Rare earth crisis: Innovate, or be crushed by China

Niobium Crystals

Laptops, cars, smartphones, TVs, MRI scanners, LCD displays, light bulbs, optical networks, jet engines, cameras, headphones, nuclear reactors. It might seem like a random selection of high-tech gizmos, but every single object on that list has one very important thing in common: Their manufacture requires one or more rare earth metals.

Rare earths — a block of seventeen elements in the middle of the Periodic Table — aren’t actually all that rare, but they tend to be very hard to obtain commercially. Generally, rare earth elements are only found in minute quantities in mineral deposits of clay, sand, and rock (earths!), which must then be processed to extract the rare metals — an expensive process, and also costly for the environment as billions of tons of ore must be mined and refined to yield just a few tons of usable rare earths.

Many rare earths are also geochemically rare — they can only be mined in a handful of countries. This is simply down to Mother Nature being a tempestuous so-and-so: Some countries have deposits of rare earths, and some don’t. This results in massively skewed production (China famously produces 97% of the world’s rare earth metals), and, as you can imagine, a lot of national security and geopolitical troubles, too.
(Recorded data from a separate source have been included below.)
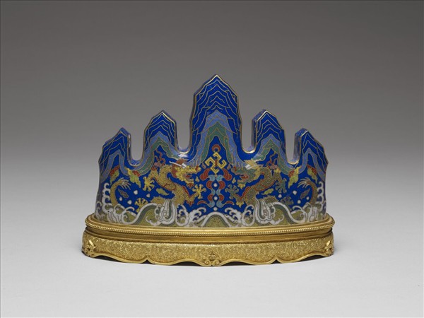 銅胎,五峰山字形筆架,或直稱為筆山。器表藍地,兩面均飾雙龍拱卍彩墜和壽山福海等,鍍金座鐫卷枝蓮花,器底鑄淺浮雕式雙龍拱去地陽文「大清乾隆年製」長方框三行楷書款。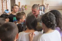 В этот день распахнул нам свои двери спортивный комплекс «Биектау». Мы провели «Веселые старты» совместно с ребятами МБОУ ВСОШ №2 . Программа «Веселых стартов» была довольно насыщенной. Первым заданием было представление команд. Оно было задорным и рифмованным. Командам были предложены занимательные, иногда очень непростые конкурсы с бегом, прыжками на мячах, где они смогли проявить свои спортивные навыки. Все этапы этого увлекательного соревнования проходили в напряженной борьбе. Болельщики и зрители следили за ходом событий и очень переживали. Спортивный задор и желание добиться победы для своей команды захватывали детей настолько, что они не замечали происходящего вокруг. В зале царили смех, шум и веселье. Все были счастливы! А счастливые от восторга глаза детей – лучшая награда.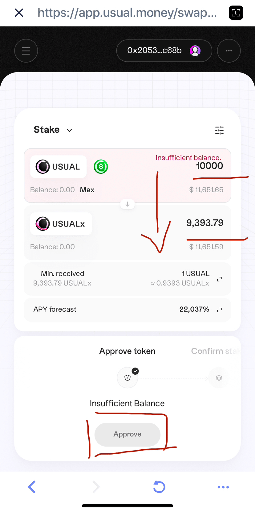 你会看到每个USUAL能换的USUALx数量更少,这是因为USUALx把收益体现在了它和USUAL的相对价值上,不用担心这是错误的。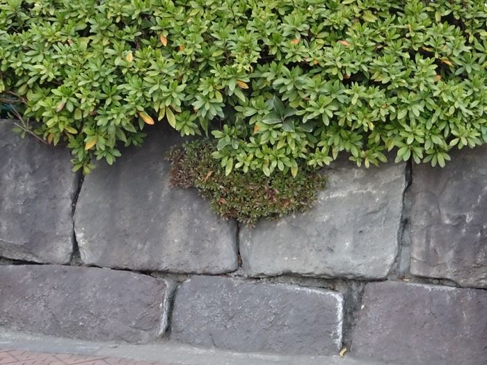 ものと考えられます。正面の小ぶりの石が積み直されたものです。3段目から下の石垣は現地で

It doesn’t stop with rare earths, either: Many other important elements, such as platinum, are only available from one or two mines in the entire world. If South Africa sustained a huge earthquake — or was on the receiving end of a thermonuclear bomb, perhaps — the world’s supply of platinum would literally dry up over night. The continued existence of technologies that rely on platinum, like car exhaust catalytic converters and fuel cells, would be unlikely.

If geochemistry and politics weren’t enough, though, we even have to factor in ethical concerns: Just like blood/conflict diamonds — diamonds that originate from war-torn African nations, where forced labor is used and the proceeds go towards buying more weapons for the warlord — some rare metals could be considered “blood metals.” Tantalum, an element that’s used to make the capacitors found in almost every modern computer, is extracted from coltan — and the world’s second largest producer of coltan is the Democratic Republic of the Congo, the home of the bloodiest wars since World War II. Not only do the proceeds from coltan exports get spent on weapons, but the main focus of the wars were the stretches of land rich in diamonds and coltan.
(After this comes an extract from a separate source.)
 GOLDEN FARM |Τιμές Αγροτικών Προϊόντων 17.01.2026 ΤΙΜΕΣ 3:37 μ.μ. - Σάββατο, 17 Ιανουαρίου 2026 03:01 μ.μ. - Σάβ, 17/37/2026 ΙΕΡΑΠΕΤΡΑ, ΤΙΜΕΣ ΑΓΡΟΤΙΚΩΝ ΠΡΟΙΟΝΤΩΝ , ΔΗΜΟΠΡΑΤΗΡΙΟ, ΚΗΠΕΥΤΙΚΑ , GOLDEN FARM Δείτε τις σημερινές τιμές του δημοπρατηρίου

Also along the same humanist vein, it’s important to note that extracting these rare elements is usually a very expensive and disruptive activity. Indium, probably the single most important element for the manufacture of LCDs and touchscreens, is recovered in minute quantities as a byproduct of zinc extraction. You can’t just set up an indium plant; you have to produce zinc in huge quantities, find buyers and arrange transport for that zinc, and then go to town on producing indium. In short, extracting rare elements is generally a very intensive task that is likely to disrupt or destroy existing settlements and businesses.

The rare earth apocalypse

The doomsday event that everyone is praying will never come to pass, but which every Western nation is currently planning for, is the eventual cut-off of Chinese rare earth exports. Last year, 97% of the world’s rare earth metals were produced in China — but over the last few years, the Chinese government has been shutting down mines, ostensibly to save what resources it has, and also reducing the amount of rare earth that can be exported. Last year, China produced some 130,000 tons of rare earths, but export restrictions meant that only 35,000 tons were sent to other countries. As a result, demand outside China now outstrips supply by some 40,000 tons per year, and — as expected — many countries are now stockpiling the reserves that they have.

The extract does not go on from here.